The social rate of discount plays a central role in applied welfare economics, governing such decisions as the amount of public investment, interventions in private capital markets, and the size of intergenerational transfers. Ever since the social choice theory literature began to evolve into practical models of government planning, there has been a lively discussion concerning the appropriate social rate and reasons why it should or should not deviate from the private (market) rate. Kenneth Arrow was an early and frequent contributor to this literature along with many others; on the occasion of Arrow's Festschrift, I attempted to summarize a number of elements in the debate. Since that time, the subject seems to have receded somewhat from prominence, the prevailing opinion being that value judgments must ultimately be invoked and that economic theory cannot resolve such matters.
I would like to take this opportunity to reopen the subject, not because I think there is anything really new to say about the underlying value judgments, but because this is a context in which these judgments can be illuminated most starkly. I address the issue of population crowding and the appropriate way to measure its social costs.

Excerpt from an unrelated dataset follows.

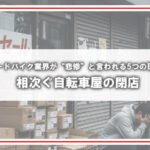 タイヤやチューブといった消耗品を海外通販で購入するユーザーが増え、店舗での物販利益が激減。さらに「持ち込み修理お断り」という苦渋の決断をする店が増え、顧客離れを招く悪循環に陥っています。

The literature identifies one crowding externality in particular as being important to the population question: the “global commons.” To the extent that access to such common resources is essential to wellbeing, an extra person imposes external costs by crowding other people out. By way of introduction, we provide a general set-up for measuring this externality and argue that if the global commons were interpreted broadly to include all the earth's fixed factors, the associated external cost of an extra person would be quite substantial.